=== Your instructions ===
Set the data down exactly as it stands, and keep its pictures out.

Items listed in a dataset
.....

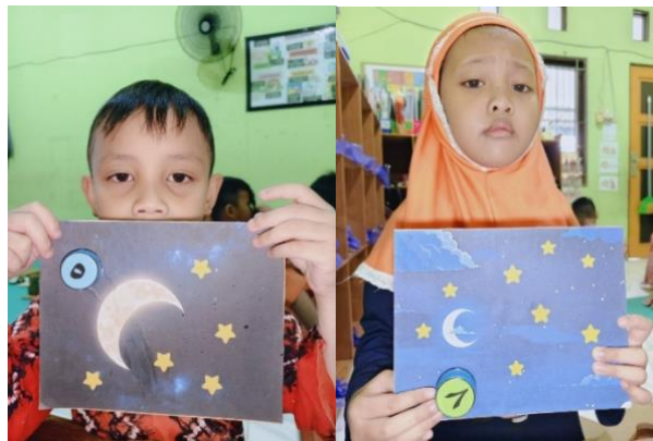
Gambar 4.28 Kegiatan Anak Menghitung Bintang (CLFKP.5.7) 32
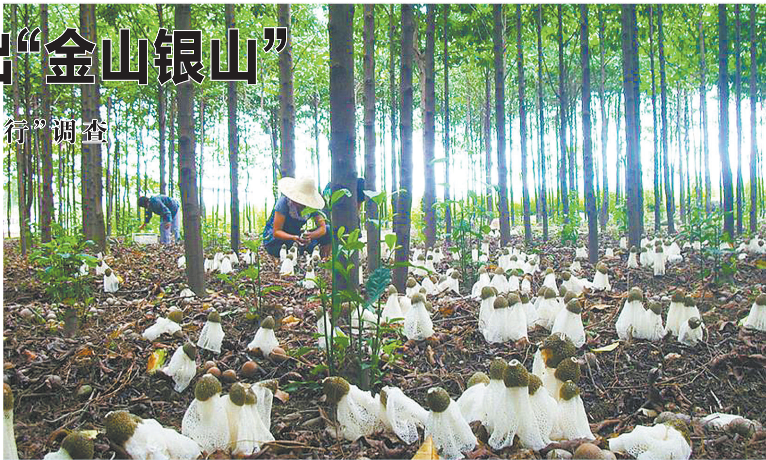
南平市农户林下套种竹荪喜迎丰收。

“在‘生态银行’建设上，如何因地制宜探索各种不同模式，特别是做好资源文章，一直是南平市探索实践的方向。”袁毅说：“可以以特色资源入股合作，也可以通过整合上市的途径推动武
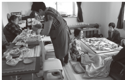
▲毎回 15 名ほどが昼食を共にします。
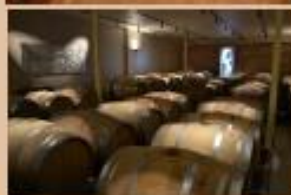
【写真はイメージです】
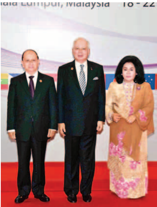
နိုင်ငံတော်သမ္မတ ဦးသိန်းစိန်အား မလေးရှားနိုင်ငံဝန်ကြီးချုပ်နှင့် ဇနီးတို့က ခင်မင်ရင်းနှီးစွာ ကြိုဆိုနှုတ်ဆက်ပြီး မှတ်တမ်းတင်ဓာတ်ပုံရိုက်စဉ်။ (ပြန်/ဆက်)
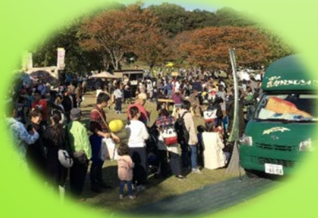
キッチンカーで公園に
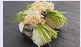
芽ねぎ糸花かつお 税込290円
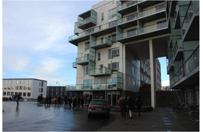
Der er lavet porte igennem byggeriet, som giver adgang til et hævet udeareal på den anden side.
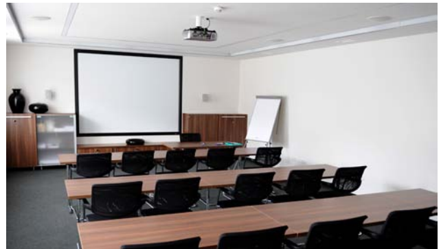
Der Euroval® Wärmeboden, die Hitherm® Klimawand sowie die Modul Klimadecke sorgen im neuen Seminarraum (oben) bzw. im neuen Besprechungsraum (unten) für angenehmes Klima zu allen vier Jahreszeiten.
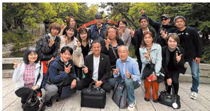
商売繁盛を祈願ツアー
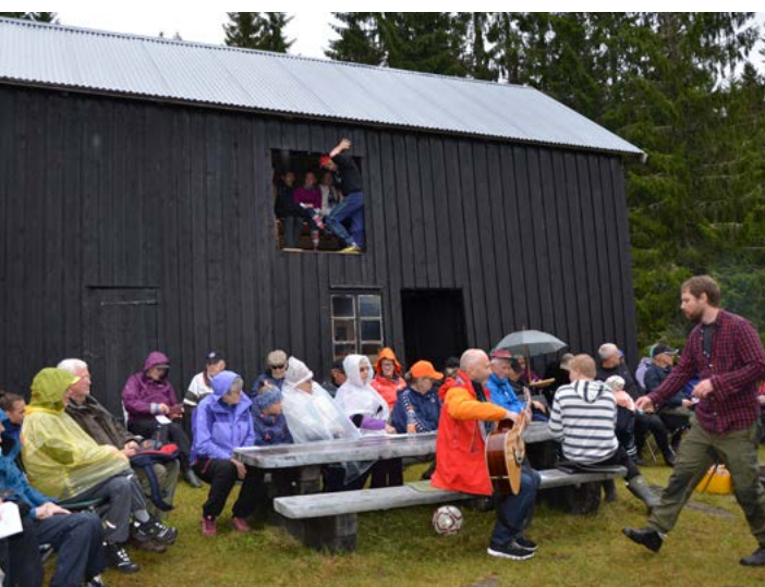
Ungdommen i låveluka

.....

=== Final answer ===
Gambar 4.28 Kegiatan Anak Menghitung Bintang (CLFKP.5.7) 32
南平市农户林下套种竹荪喜迎丰收。

“在‘生态银行’建设上，如何因地制宜探索各种不同模式，特别是做好资源文章，一直是南平市探索实践的方向。”袁毅说：“可以以特色资源入股合作，也可以通过整合上市的途径推动武
▲毎回 15 名ほどが昼食を共にします。
【写真はイメージです】
နိုင်ငံတော်သမ္မတ ဦးသိန်းစိန်အား မလေးရှားနိုင်ငံဝန်ကြီးချုပ်နှင့် ဇနီးတို့က ခင်မင်ရင်းနှီးစွာ ကြိုဆိုနှုတ်ဆက်ပြီး မှတ်တမ်းတင်ဓာတ်ပုံရိုက်စဉ်။ (ပြန်/ဆက်)
キッチンカーで公園に
芽ねぎ糸花かつお 税込290円
Der er lavet porte igennem byggeriet, som giver adgang til et hævet udeareal på den anden side.
Der Euroval® Wärmeboden, die Hitherm® Klimawand sowie die Modul Klimadecke sorgen im neuen Seminarraum (oben) bzw. im neuen Besprechungsraum (unten) für angenehmes Klima zu allen vier Jahreszeiten.
商売繁盛を祈願ツアー
Ungdommen i låveluka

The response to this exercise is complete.